I'mmmm Here (Said In My Best Poltergeist Voice)

Greetings and Salutations, (this was written Sunday)
     It has been one week today that I arrived in California. I am so very excited but I have to admit out loud that I am taken mildly aback that I still have some adjusting to the culture shock that is San Francisco and California. It has been five years since I have lived here and I thought that totally counted. I have humbly discovered that even with prior experience, there is still plenty of readjusting ahead of me.
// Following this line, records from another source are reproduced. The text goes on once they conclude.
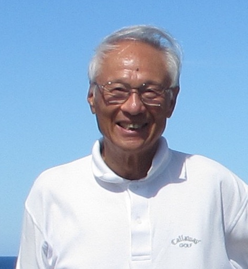 Professor Akira Hasegawa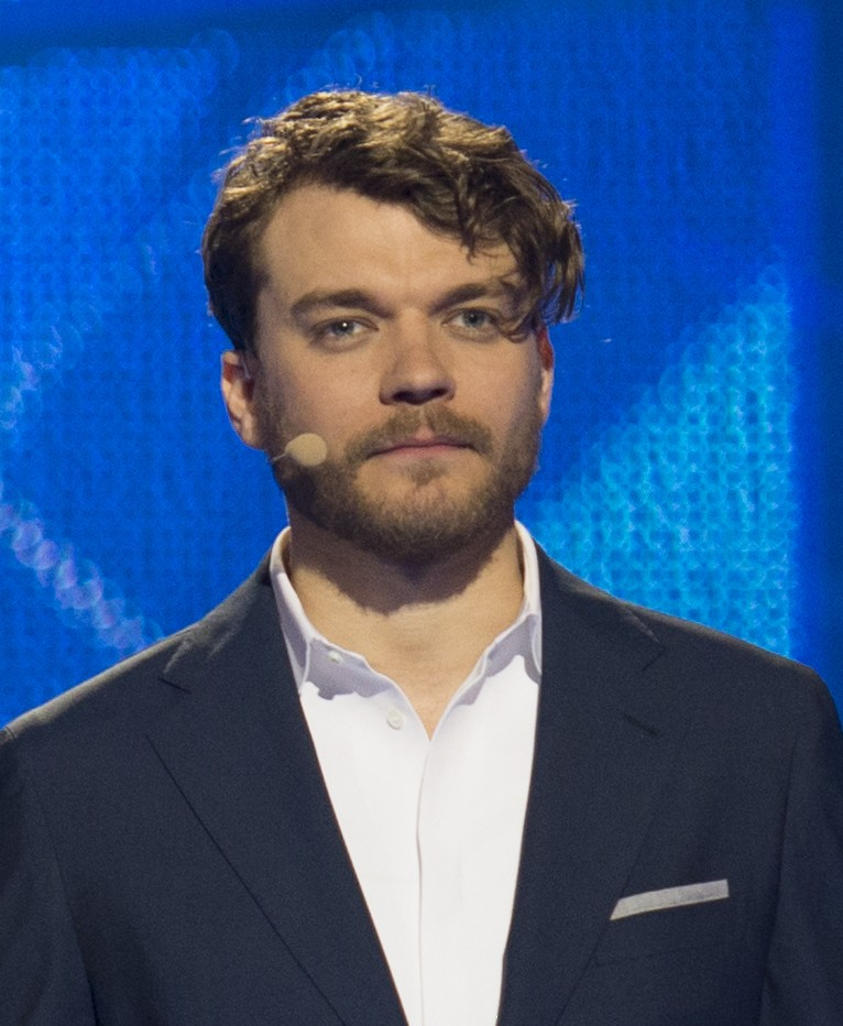 Pilou Asbæk during the Eurovision Song Contest 2014 Copenhagen. (Help translate this text)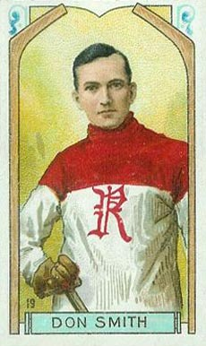 Hockey player Don Smith of the Renfrew Creamery Kings on a 1911 Imperial Tobacco Co. hockey card

     I have been spending time this week thinking about how change effects us. Even self inflicted, change is stressful. In order to have the best experience possible while on this journey of change I will redirect my brain gently back to the present as much as possible when I get worked up about the next step before I get to it. Wondering when I will get a full time job. Worrying about the slightly (tongue in cheek) overwhelming process of deciding what part of the city, including outside of it, to live. Will I run out of savings before I land a job. One thing at a time. Breathe.
     Change. Its a challenging, often difficult to process to navigate. We naturally long for predictability in our lives. It makes us feel safe and secure. I guess that is a perspective I have never thought about until now. Change as a process, not just a feeling to be rated from 0-10 scale of unbearable  to most comfortable. It really is a process that you have to go through to get to the other side.
     That is why your temperament has everything to do with your interpretation of the effect the process has on you. One man's trench to wallow in is another man's mountain to conquer. Crappy all the way or surrender best you can and become one with the process. The choice, while rarely easy nor completely impossible is simply, complicatedly (is this a word?) up to the individual. Nothing is forever and what was uncomfortable yesterday with patience becomes tomorrows pleasure. I chose to see the mountain.
     This morning while I was eating breakfast I was enjoying TV (I haven't had cable since June last year). I was surfing and settled on a sermon with Joel OSteen already in progress.
     It was about being satisfied where ever you are in your current season (of life) even if it isn't quite where you want to be. To not fall into the trap of the proverbial carrot that dangles in front of you of contentment/satisfaction. If I get____, then I will be happy. If I get this or that job or this or that apartment/house then I'll be happy. Problem is human nature teaches us (if we pay attention) "then" never comes. Its always replaced with something else. We can get stuck in a life of discontentment/dissatisfaction. This was a very timely sermon. It reminded me of where I honestly do try to keep myself. Satisfaction with the moment I am in, while still keeping my eye on the goal.
     No matter how long it takes you to attain the goals you set for yourself in life never stop trying to get there. I can honestly say that if I wasn't as driven as I was for some things I can't even explain, I would have never made this move to California. I would have changed my mind a multitude of times along the way.
     I am still scared now. I just keep forging ahead. I will see this through success or fail. What I am trying to say is your journey has to be your own. It has to have meaning and have teeth for you and no one else. When you get scared and want to chicken out along the way, you have to have the fortitude to stick with your original plan because of what it means to you. That comes only from within you.
     I will take the time to remind myself when I get scared of the changes I am under going, it is a process like anything else in life and this too shall pass. This too shall improve and get better with time. I need to be as relaxed as possible to make the best choices along the way I can so that the outcome exceeds my expectations and fears. How can I really lose if I exceed either one of those two things?